Employee EngagementEmployees come to work for different reasons, have different goals, and are motivated by different things. How well do you know your employees? 

If employees could collectively tell you what they want and need, here’s what they might say:

“I am your employee...

“I’ve been told I am part of the human capital equation and very important here. So, if I may, I have a couple of thoughts I’d like to share.

“It’s about why I chose this organization…and what I expect from my employment experience. I need to feel valued, to be treated with respect and to know my supervisor cares about me. I need regular information from my manager, but still need to hear from senior leaders on broader company issues.

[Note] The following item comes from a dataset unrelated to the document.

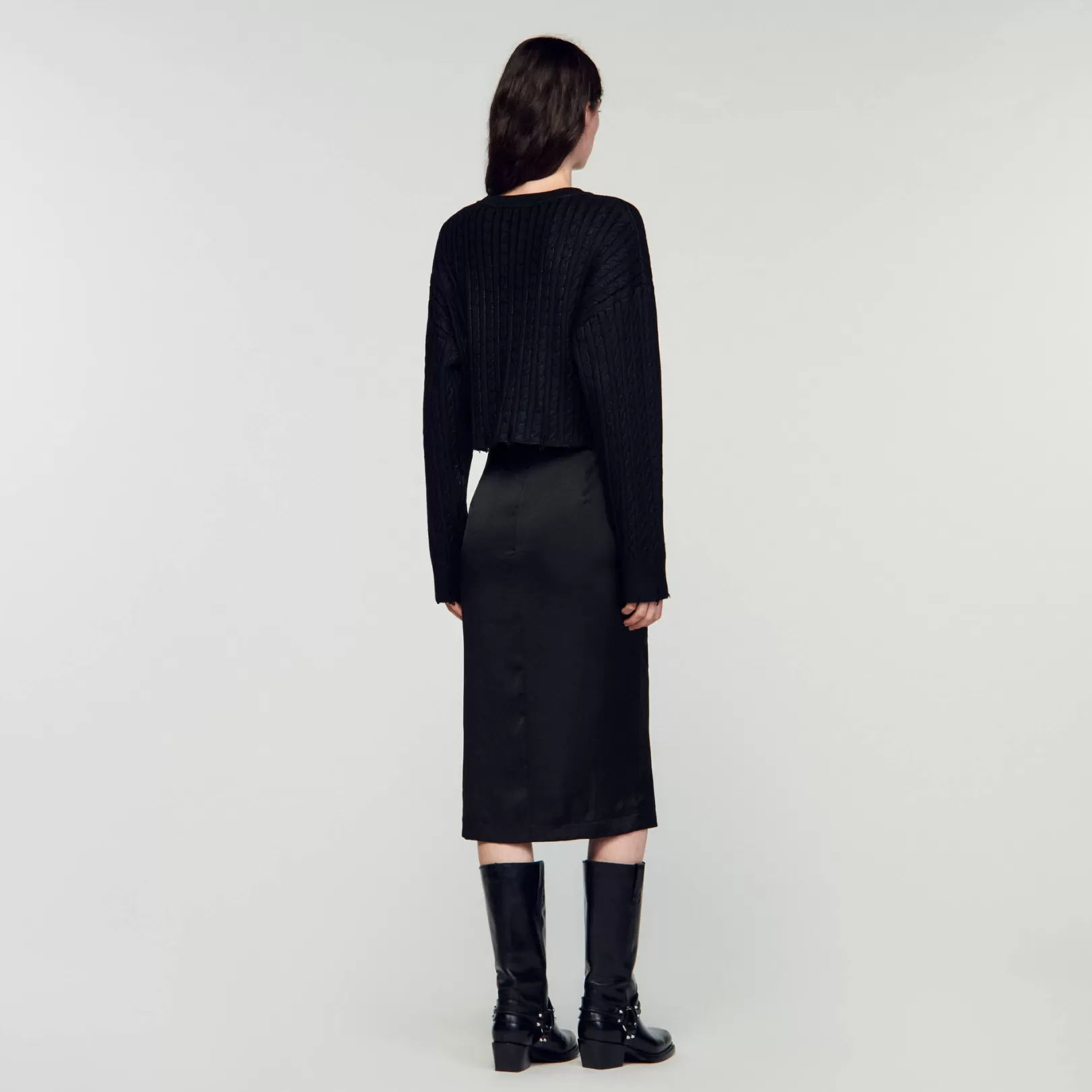 Cropped sweater in shiny cable knit with round neck and long sleeves, embellished with frayed edges at the bottom.

“I need to know how I will benefit when I produce good results. And I need regular, tangible, specific, constructive feedback about my work.

“So you see, if I am really a part of your human capital, I need to feel like the ‘human’ aspect is important to you, not like I am a commodity.

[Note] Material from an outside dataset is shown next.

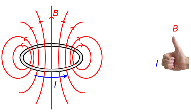 To use the right hand grip rule (RHGR), point your thumb in the direction of the (conventional) current I and curl your fingers. The direction of your curled fingers will mirror the circumferential direction of the magnetic field B.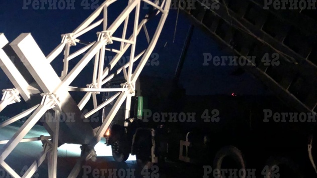 Поднятый кузов грузовика уничтожил опору с видеокамерами на кемеровской трассе

“When I can do good work and get back from you what I need, I couldn’t be happier. I wake up in the morning eager to do a good job. During those times I feel fulfilled and happy with my work life. I’m ready to go ‘above and beyond’ when you need me to.

“But, if you ask more and more from me without acknowledging what I am contributing, telling me I have value or telling me how I’m doing, that makes me frustrated and leaves me unfulfilled. I start to question whether coming here was the right thing to do.

“If you don’t meet my expectations, how can you expect me to meet yours, especially if you don’t make your expectations clear?

“And if I have expectations that I don’t share with you, as my employer, how can you know what motivates, energizes, and supports me?

“It’s pretty much about communication; between us; between my supervisor and me; and between my fellow employees and me.

“And good communication is tough. I am bombarded by messages and communications clutter, and appreciate having a choice of media. I am willing to take the initiative to find out some of the information I need. But I may not realize the responsibility I have to seek out information. And I’m not sure you realize how much I need to feel included in the process.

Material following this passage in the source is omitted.